# Constant crackles/pops with Audigy 2!!!!!



## starwarsfr3ak (Apr 9, 2006)

I stumbled across this site in desperation, and I hope someone can help me, I'm at my wit's end with this stupid Audigy 2. 

In a nutshell, I get constant crackling and popping with this card. I've had it probably about 3-4 years now, and it's been an on and off problem, but now it's constant. 

The only way I disable the crackling is to uninstall the card, reboot, and reinstall it but without using the drivers on the Audigy cd. If I use official Audigy drivers from the cd, I get some minor crackles. If I use the most updated drivers from Creative's site, I get really horrible crackling. So I have to resort to using software sound, and it's getting irritating because I play a lot of games, and it's ruining my gameplay. 

I'm running a P4 2.4ghz, 1gb ram, 256 ATI X700 pro AGP vid card, and of course, the Audigy 2 (platinum). I have tried just about EVERYTHING. All sorts of drivers. Different PCI slots. New speakers. Heck I even unplugged the front volume panel you get for the front of your pc. I also looked up some sort of PCI latency patch but that only works on VIA boards, mine is SiS. 

I don't know if my card is dying or what. But I can't really shell out much now for a nice new card. I'm at the end of my rope though and can't hold out much longer with this evil sound card. Should I just pitch it? I can probably afford a cheapie card. If this thing isn't fixable, I had my eyes set on this Audigy 2 Value ($30) that still has EAX and whatnot. Should I go with that? Or can this junker of a card be fixed? 

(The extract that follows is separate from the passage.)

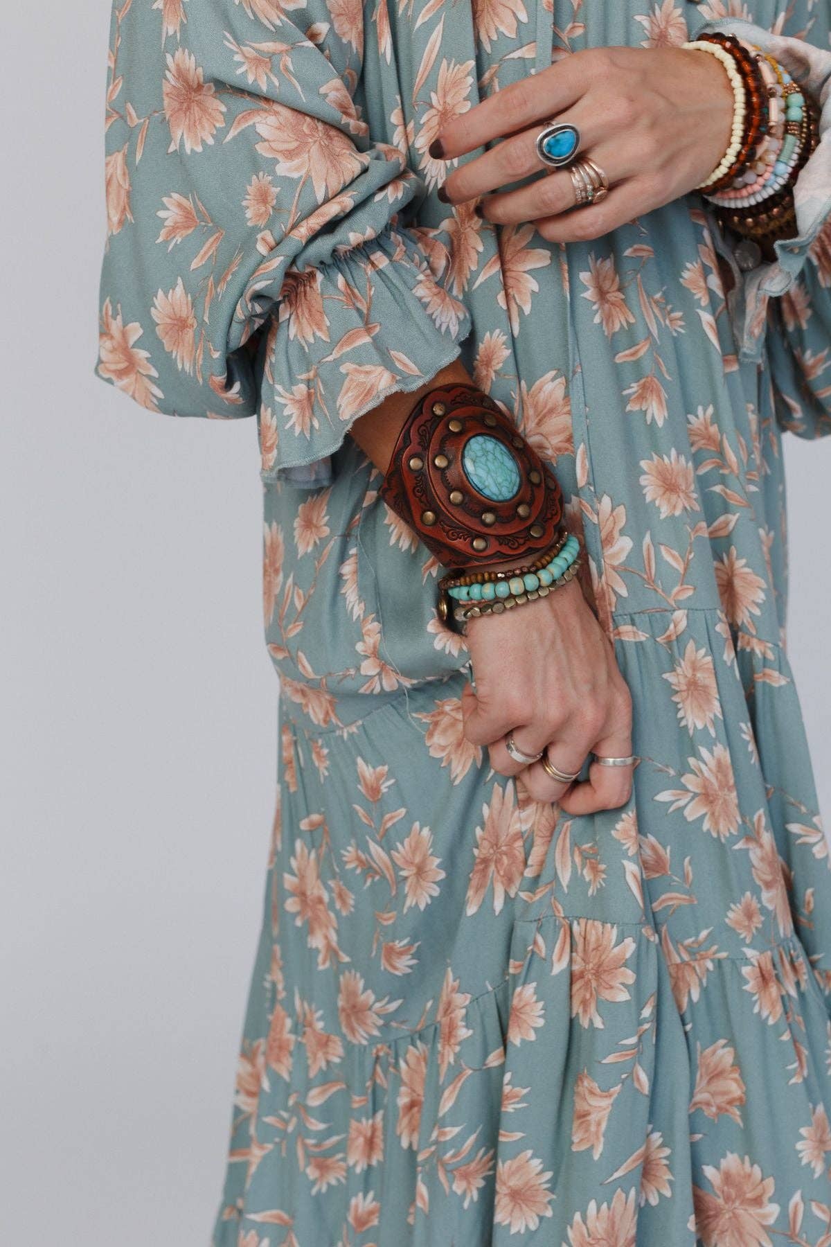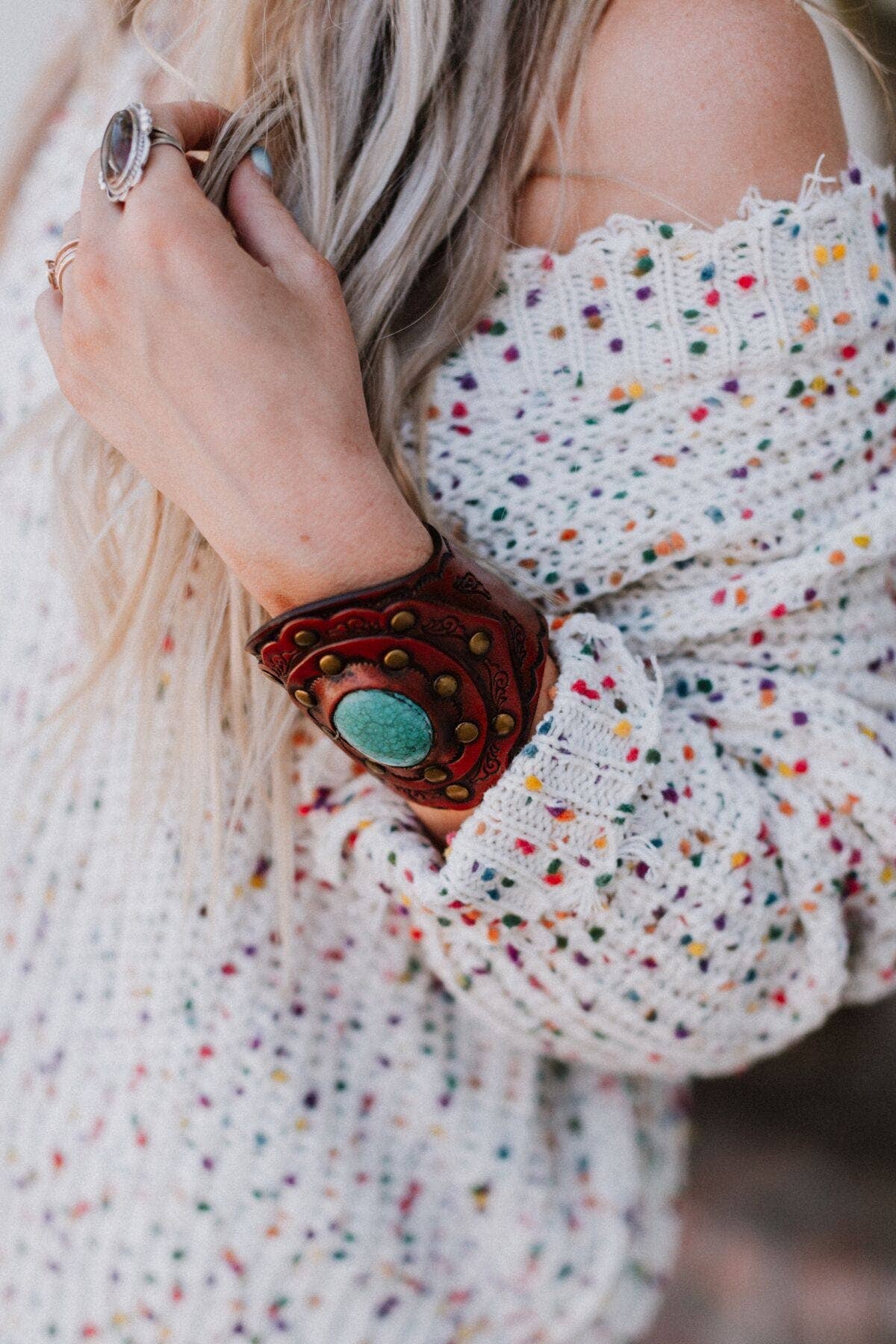 A gorgeous leather cuff speaks to your boho western spirit and this wide statement-band comes in an array of stones like the colors of the Aegean Sea. Brassy rivets accent circles of tooled leather that are tanned to flatter each stone. The snap is inscribed with the Three Bird Nest logo and a double closure lets you choose the fit you like for this timeless piece.

I appreciate any feedback on this, because again, I am seriously at the end of my rope! :4-hanged:

PS - After I posted this, I noticed in my sound controls that the crackling is constant until I mute the Auxillary, CD Audio, and Line-In sliders (all 3 or else I still get full crackles). Then it just crackles at any given sound (games, music, whatever), but not when the comp is idle or quiet. I'm not sure what that means, but figured I'd give what info I could.


----------



## starwarsfr3ak (Apr 9, 2006)

Well, since noone decided to help me, I just couldn't wait any longer. I went out and bought a new Audigy 4 card, and it works great. Gotta make some financial sacrifices now, but it was worth paying for to rid of that infernal crackling :upset:


----------



## califjim (Apr 13, 2006)

*Same Problem*

I am having the exact same problem with my sound card, Audigy 2. The pops and crackles got worse after I downloaded the new driver from the Audigy website. 
I am not too excited about going out and buying a new sound card. 
Has anyone else experienced this and fixed it??


----------



## michaelpdunn (Apr 17, 2006)

PLEASE. Someone help us, this is the most annoying thing ever. I'd rather have no sound at all. I have the exact same problem.


----------



## JoeyImage (Dec 2, 2004)

Same problem here with the original Audigy, and after I installed the new drivers. for those of us that can't afford a new card, PLEASE HELP.


----------



## ExitSpreeProsec (Apr 22, 2006)

Try to dedate your drivers, try installing the drivers that were with your soundcard. If that doesn't work, try installing it in someone elses pc. Try to load your BIOS-fail-safe defaults. Maybe you can also try a new windows installation. If it still doesn't work then, I'd buy a new soundcard, you can get new ones from around €10 to €15 with a good sound quality.


----------



## willmon18 (Apr 22, 2006)

Maybe it is the speakers and they are too old. Or even that the sound is up to high try that.


----------



## alucard971 (May 28, 2008)

Audigy 2 ZS and VIA have problems. Go to VIA Arena website and download latest chipset drivers then reinstall sound card


----------



## adam245 (May 7, 2008)

that's what my thread was about as well actually... same problem, same sound card


----------



## jhillman (Oct 1, 2008)

After upgrading to XP SP3 I purchased Driver Detective to update all of my hardware drivers. When upgrading the drivers for my Audigy sound card it produced the most horrible crackling and jittery sounds.
I tried to uninstall the new drivers then reinstall the old ones but still had similar noises.
I removed the Audigy sound card and attempted to use my on bard Realtek sound. Although the quality of the sound is slightly better the jittery periods of silence are still there. I think that a driver file from Creative Labs is to blame. It is worse when the processor is under load or when the music becomes more complex. Are there any similar problems experienced by anyone out there? Have you managed to solve the problems?


----------